> _Entries supplied_:
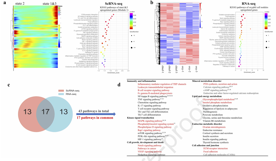 2.3 甲状旁腺转录组学中KEGG通路富集分析 为了研究主细胞向嗜酸性细胞转分化的分子机制,作者进行了一系列分析。首先,通过scRNA-seq发现差异表达基因在伪时间热图中的分布,然后,对state1和state3中上调的基因进行了KEGG通路富集分析。此外还利用已发表的RNA-seq数据对嗜酸细胞结节中的上调基因进行了KEGG分析。这些通路主要涉及免疫与炎症、脂质与能量代谢、矿物质代谢紊乱等方面。这些通路与尿毒症环境和线粒体生物发生有关,表明尿毒症相关信号通路可能促进主细胞的线粒体生物发生,导致其转化为嗜酸细胞。作者还确定了scRNA-seq中嗜酸细胞与主细胞之间的差异基因,以及已发表的RNA-seq中嗜酸细胞结节与主细胞结节之间的差异基因,369个共有基因。对scRNA-seq和RNA-seq中的差异基因进行KEGG通路富集分析,发现许多共有通路,进一步支持了尿毒症环境与主细胞向嗜酸细胞转分化之间的相关性。
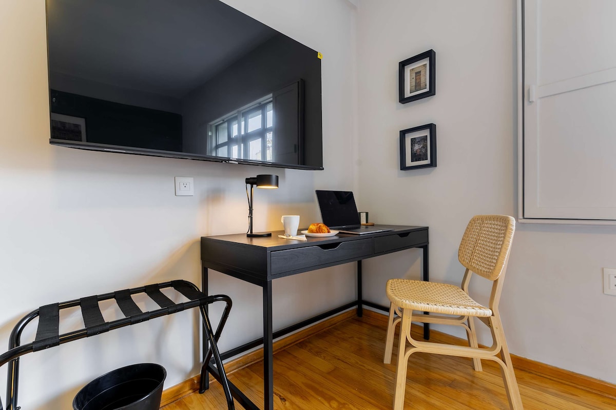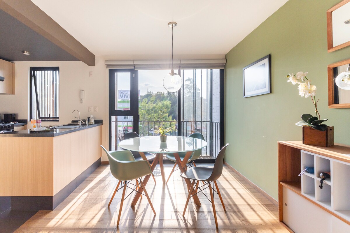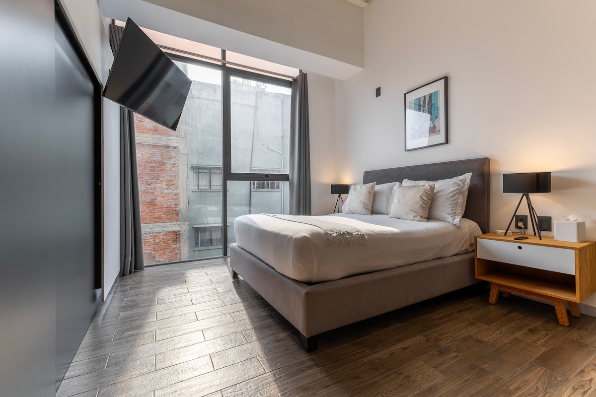 이 세련된 아파트는 브루클린의 감각과 CDMX의 매력, 빨간 벽돌, 검은 강철, 아늑한 디자인을 조화시킵니다. 편안한 킹사이즈 침대, 완비된 욕실, 완비된 주방, 스마트 TV를 즐기세요. 알바로 오브레곤 대로에서 몇 걸음 거리에 카페, 서점, 갤러리, 활기찬 나이트라이프가 있습니다. 로마 노르테의 중심부에 위치하고 있으며, 콘데사 및 레포르마에 쉽게 접근할 수 있습니다.
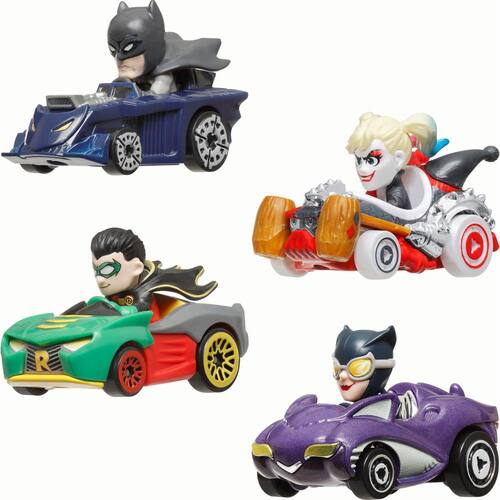 Hot Wheels RacerVerse, conjunto de 4 carros de brinquedo fundidos em escala 1:64 otimizados para dirigir em pistas de Hot Wheels com personagens da cultura pop como pilotos - Fãs de Hot Wheels e cultura pop recebem uma dose dupla de incrível incrível com este pacote de 4 Hot Wheels RacerVerse que apresenta personagens lendários do cinema, quadrinhos e TV como motoristas de carros fundidos colecionáveis! - Os veículos Hot Wheels RacerVerse foram otimizados para trabalhar dentro e fora das pistas de Hot Wheels para contar histórias épicas e aventuras de corrida. - O conjunto de 4 veículos Hot Wheels RacerVerse inclui personagens memoráveis para melhorar sua capacidade de colecionar! - Os veículos fundidos Hot Wheels RacerVerse apresentam detalhes autênticos que são fiéis ao caráter específico e inerentes à marca Hot Wheels - Este pacote de 4 carros Hot Wheels RacerVerse escala 1:64 é um presente perfeito para colecionadores e fãs de 3 anos ou mais.
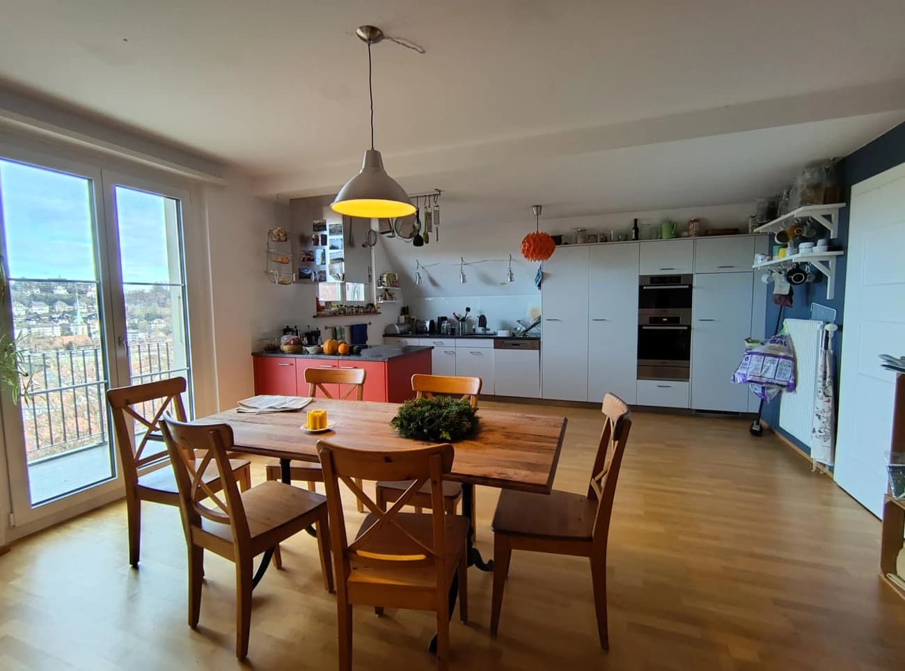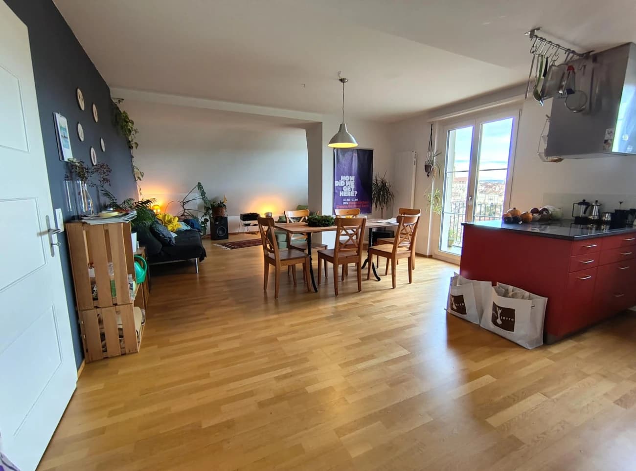 Die Wohnung ist geräumig und hell. Das Herz der WG bildet die moderne, offene Wohn-Ess-Küche. Hier findet das WG-Leben statt, im Winter drinnen im Sommer auf dem Balkon mit der schönsten Aussicht von und auf Bern, der längsten Abendsonne in der ganzen Stadt und spektakulärsten Sonnenuntergängen #SuperlativEnde. Es ist so schön da, dass wir den zugehörigen Garten jeweils fast vergessen.
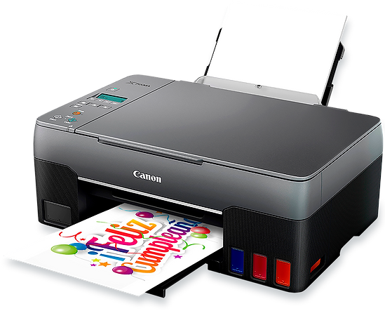 Combo de impresora Canon G3170 adaptada para impresión comestible con sistema continuo integrado, multifuncional y conexión a WI-FI. Con 4 botellas de tinta comestible ICINGINKS de 100ml. c/u y 5 hojas de papel de arroz tamaño carta.
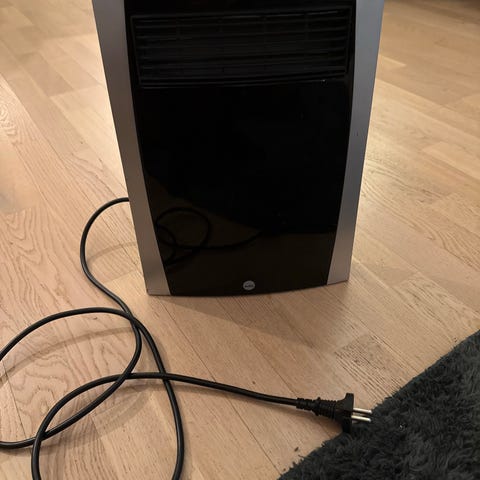 Calor varmeovn med effekt på 2 kW. Fargen er grå. En bærbar elektrisk varmeovn egnet for oppvarming av mindre rom.
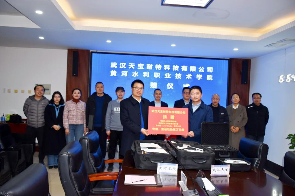 2023年11月20日下午,武汉天宝耐特科技有限公司(以下简称“武汉天宝耐特”)向36365官网捐赠无人机、扫描仪及专业软件,捐赠仪式在行政楼第一会议室隆重举行。武汉天宝耐特总经理叶飞、副总经理唐甜、市场部经理潘明,36365官网党委副书记、校长胡昊及副校长朱焕立出席捐赠仪式。测绘工程学院党总支副书记彭战松、副院长(主持工作)何宽、副院长张丹、教研室主任孔令惠以及骨干教师代表等参加仪式。仪式由何宽主持。
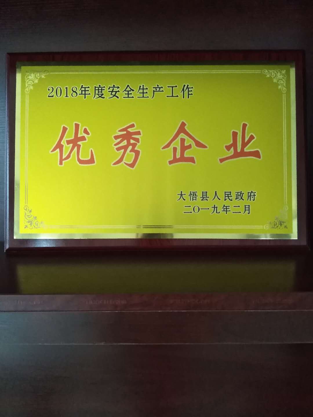 2019年4月1日,我司黃總前往參加全縣安全生產(chǎn)暨消防工作會(huì)議,我司被評(píng)為2018年度安全生產(chǎn)的優(yōu)秀企業(yè)。使得公司更上一層樓。
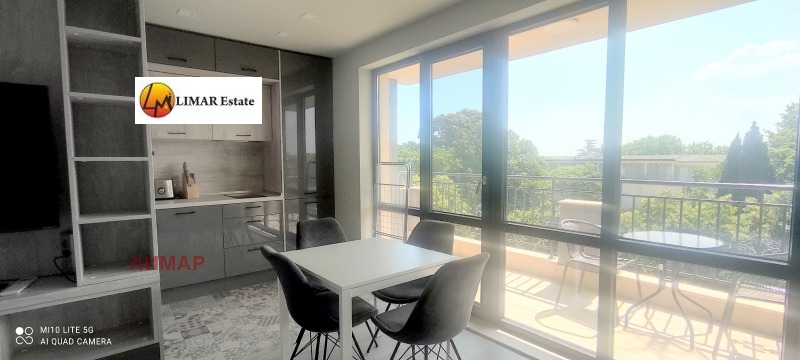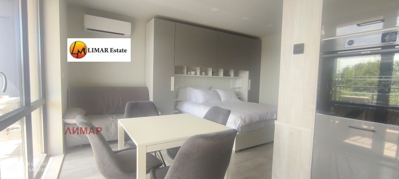 Жилището се състой от една стая, която е с кухненска част / кухненски шкафове, керамични котлони, ширм, фурна, съдомиялна и хладилник /, спалня, маса за хранене, разтегателен диван, телевизор. Баня и тоалет в едно. Тераса с масичка и столове. Обзавеждането е ново !

> _What the task requires_: Retype each line of the data exactly, beginning with the first; include the line containing "이 세련된 아파트는 브루클린의" and stop there, skipping every picture.

> _Response for this exercise_:
 2.3 甲状旁腺转录组学中KEGG通路富集分析 为了研究主细胞向嗜酸性细胞转分化的分子机制,作者进行了一系列分析。首先,通过scRNA-seq发现差异表达基因在伪时间热图中的分布,然后,对state1和state3中上调的基因进行了KEGG通路富集分析。此外还利用已发表的RNA-seq数据对嗜酸细胞结节中的上调基因进行了KEGG分析。这些通路主要涉及免疫与炎症、脂质与能量代谢、矿物质代谢紊乱等方面。这些通路与尿毒症环境和线粒体生物发生有关,表明尿毒症相关信号通路可能促进主细胞的线粒体生物发生,导致其转化为嗜酸细胞。作者还确定了scRNA-seq中嗜酸细胞与主细胞之间的差异基因,以及已发表的RNA-seq中嗜酸细胞结节与主细胞结节之间的差异基因,369个共有基因。对scRNA-seq和RNA-seq中的差异基因进行KEGG通路富集分析,发现许多共有通路,进一步支持了尿毒症环境与主细胞向嗜酸细胞转分化之间的相关性。
 이 세련된 아파트는 브루클린의 감각과 CDMX의 매력, 빨간 벽돌, 검은 강철, 아늑한 디자인을 조화시킵니다. 편안한 킹사이즈 침대, 완비된 욕실, 완비된 주방, 스마트 TV를 즐기세요. 알바로 오브레곤 대로에서 몇 걸음 거리에 카페, 서점, 갤러리, 활기찬 나이트라이프가 있습니다. 로마 노르테의 중심부에 위치하고 있으며, 콘데사 및 레포르마에 쉽게 접근할 수 있습니다.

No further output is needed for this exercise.